TASK BRIEF –
Every entry must be transcribed exactly. Pictures are not part of the copy.

Saved data entries
════════
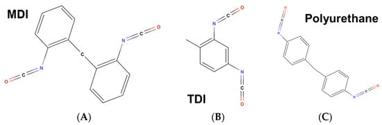 - Schupp, T.; Plehiers, P.M. Absorption, distribution, metabolism, and excretion of methylene diphenyl diisocyanate and toluene diisocyanate: Many similarities and few differences. Toxicol. Ind. Health 2022, 38, 500–528. [Google Scholar] [CrossRef]
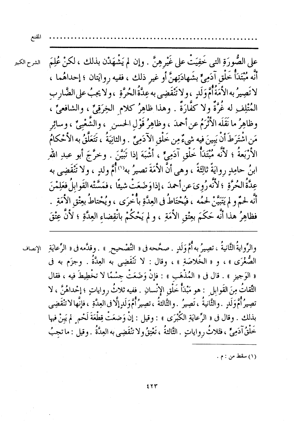 والرِّوايةُ الثَّانيةُ، تصِيرُ به أُمَّ وَلَدٍ. صحَّحه في «التَّصْحيحِ». وقدَّمه في «الرِّعايَةِ الصُّغْرَى»، و «الخُلاصَةِ»، وقال: لا تَنْقَضي به العِدَّةُ. وجزَم به في «الوَجيزِ». قال في «المُذْهَبِ»: فإنْ وَضَعَتْ جِسْمًا لا تخْطِيطَ فيه، فقال الثِّقاتُ مِنَ القَوابلِ: هو مَبْدأُ خَلْقِ الإِنْسانِ. ففيه ثلاثُ رِواياتٍ؛ إحْداهُنَّ، لا تصِيرُ أُمَّ وَلَدٍ. والثَّانيةُ، تَصِيرُ. والثَّالثةُ، تصِيرُ أُمَّ وَلَدٍ إلَّا في العِدَّةِ، فإنَّها لا تنْقَضِي بذلك. وقال في «الرِّعايَةِ الكُبْرَى»: وقيل: إنْ وَضعَتْ قِطْعَةَ لَحْمٍ لم يَبِنْ فيها خَلْقُ آدَمِيٍّ، فثَلاثُ رِواياتٍ. الثَّالثةُ، تَعْتِقُ ولا تنْقَضِي به العِدَّةُ. وقيل: ما تجِبُ
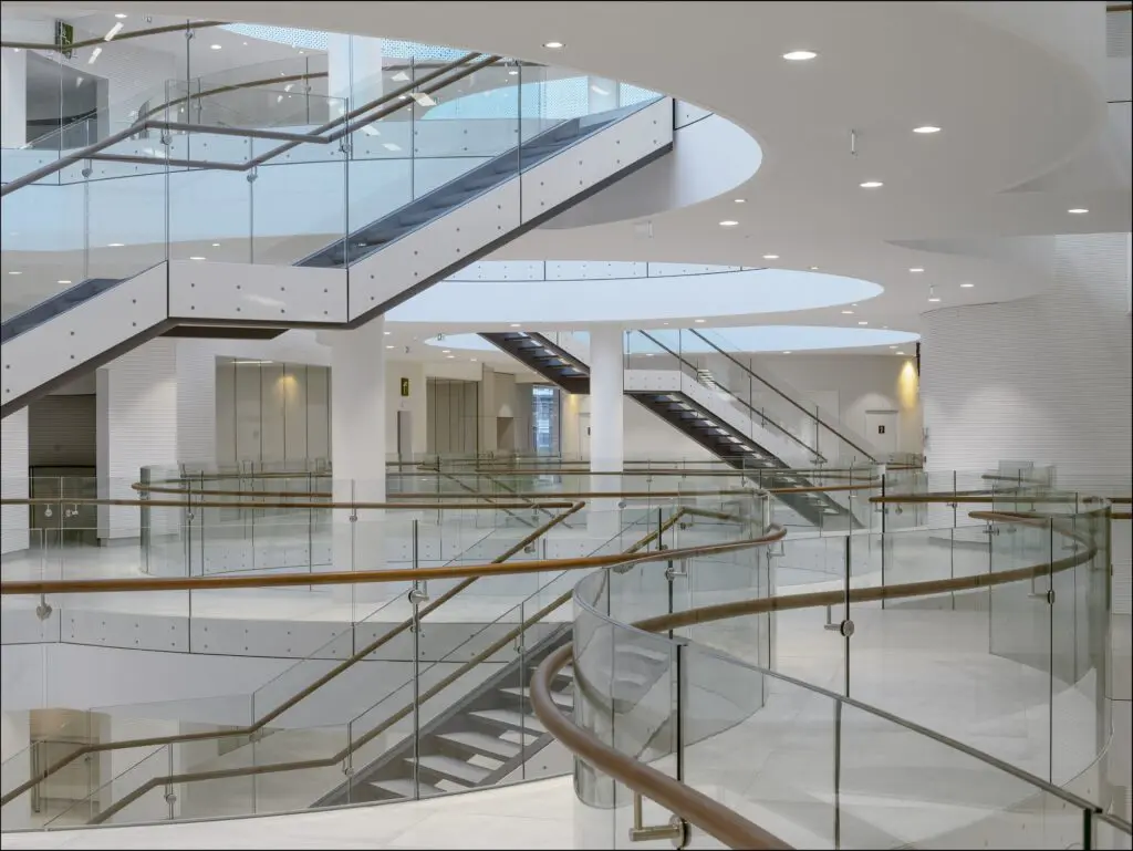 Quesaco ? Il s’agit d’un vitrage pare-flammes, posé en « bord à bord », sans montant intermédiaire, pour avoir ce côté lisse et transparent. Bombées au niveau des puits de lumière pour satisfaire les demandes de l’architecte, en cas d’incendie, ces cloisons en verre bloqueront la propagation des gaz et des fumées chaudes et limiteront le rayonnement thermique (c’est le terme technique pour dire chaleur).
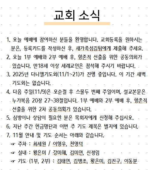 2025년 11월 09일 교회소식
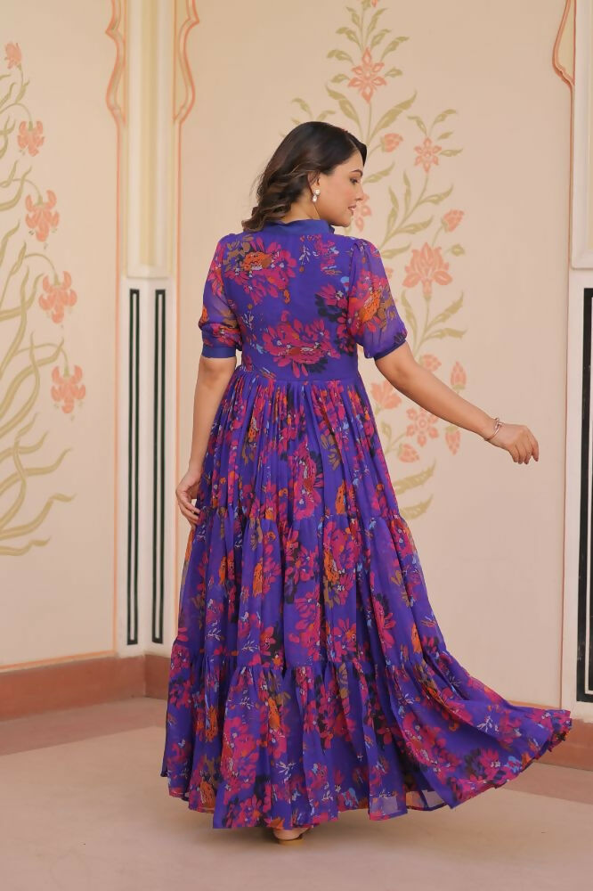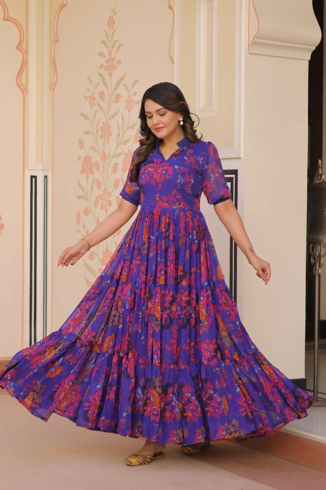 Aastha Fashion Purple Faux Georgette Printed Party Wear Designer Gown
════════
SOLVED PROBLEM –
 - Schupp, T.; Plehiers, P.M. Absorption, distribution, metabolism, and excretion of methylene diphenyl diisocyanate and toluene diisocyanate: Many similarities and few differences. Toxicol. Ind. Health 2022, 38, 500–528. [Google Scholar] [CrossRef]
 والرِّوايةُ الثَّانيةُ، تصِيرُ به أُمَّ وَلَدٍ. صحَّحه في «التَّصْحيحِ». وقدَّمه في «الرِّعايَةِ الصُّغْرَى»، و «الخُلاصَةِ»، وقال: لا تَنْقَضي به العِدَّةُ. وجزَم به في «الوَجيزِ». قال في «المُذْهَبِ»: فإنْ وَضَعَتْ جِسْمًا لا تخْطِيطَ فيه، فقال الثِّقاتُ مِنَ القَوابلِ: هو مَبْدأُ خَلْقِ الإِنْسانِ. ففيه ثلاثُ رِواياتٍ؛ إحْداهُنَّ، لا تصِيرُ أُمَّ وَلَدٍ. والثَّانيةُ، تَصِيرُ. والثَّالثةُ، تصِيرُ أُمَّ وَلَدٍ إلَّا في العِدَّةِ، فإنَّها لا تنْقَضِي بذلك. وقال في «الرِّعايَةِ الكُبْرَى»: وقيل: إنْ وَضعَتْ قِطْعَةَ لَحْمٍ لم يَبِنْ فيها خَلْقُ آدَمِيٍّ، فثَلاثُ رِواياتٍ. الثَّالثةُ، تَعْتِقُ ولا تنْقَضِي به العِدَّةُ. وقيل: ما تجِبُ
 Quesaco ? Il s’agit d’un vitrage pare-flammes, posé en « bord à bord », sans montant intermédiaire, pour avoir ce côté lisse et transparent. Bombées au niveau des puits de lumière pour satisfaire les demandes de l’architecte, en cas d’incendie, ces cloisons en verre bloqueront la propagation des gaz et des fumées chaudes et limiteront le rayonnement thermique (c’est le terme technique pour dire chaleur).
 2025년 11월 09일 교회소식
 Aastha Fashion Purple Faux Georgette Printed Party Wear Designer Gown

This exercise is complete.